● Work instruction:
Retype the data below exactly; skip every image.

● Given material:
● ● ● ●

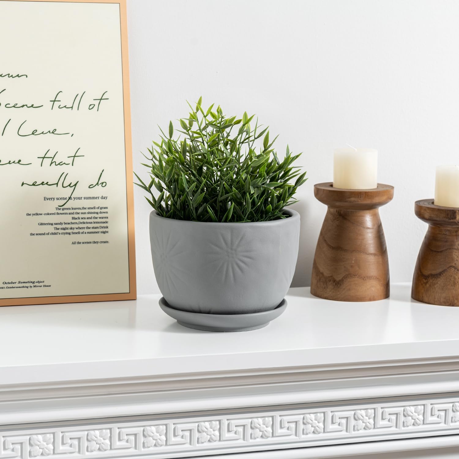 MyGift 7 Inch Grey Ceramic Plant Pot with Drainage Hole and Attached Saucer, Modern Decorative Embossed Sunburst Planter Container for Indoor Home Garden
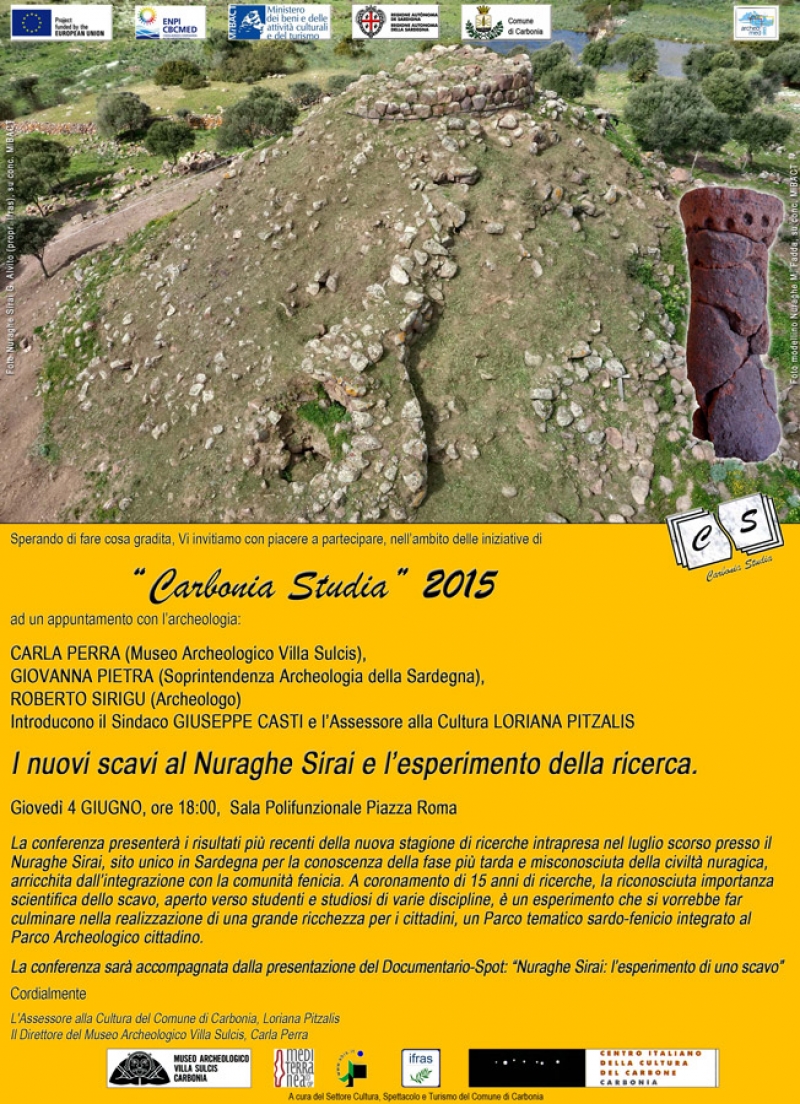 Giovedì 4 Giugno 2015, alle ore 18, presso la sala Polifunzionale di Piazza Roma, si terrà un nuovo appuntamento con la rassegna “Carbonia studia” 2015. Il titolo della prossima conferenza della Rassegna, organizzata dal Comune di Carbonia, è “I nuovi scavi al Nuraghe Sirai e l’esperimento della ricerca”.
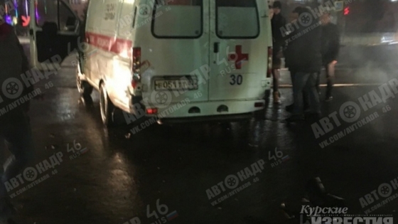 В центре Курска после ДТП перевернулась карета скорой помощи
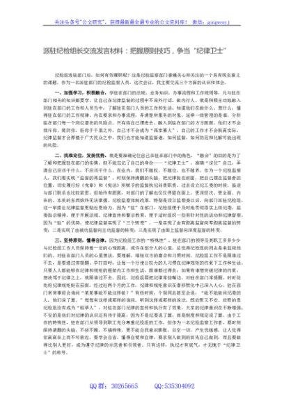 / 派驻纪检组长交流发言材料:把握原则技巧,争当“纪律卫士”

● ● ● ●

● Output of the task:
 MyGift 7 Inch Grey Ceramic Plant Pot with Drainage Hole and Attached Saucer, Modern Decorative Embossed Sunburst Planter Container for Indoor Home Garden
 Giovedì 4 Giugno 2015, alle ore 18, presso la sala Polifunzionale di Piazza Roma, si terrà un nuovo appuntamento con la rassegna “Carbonia studia” 2015. Il titolo della prossima conferenza della Rassegna, organizzata dal Comune di Carbonia, è “I nuovi scavi al Nuraghe Sirai e l’esperimento della ricerca”.
 В центре Курска после ДТП перевернулась карета скорой помощи
 / 派驻纪检组长交流发言材料:把握原则技巧,争当“纪律卫士”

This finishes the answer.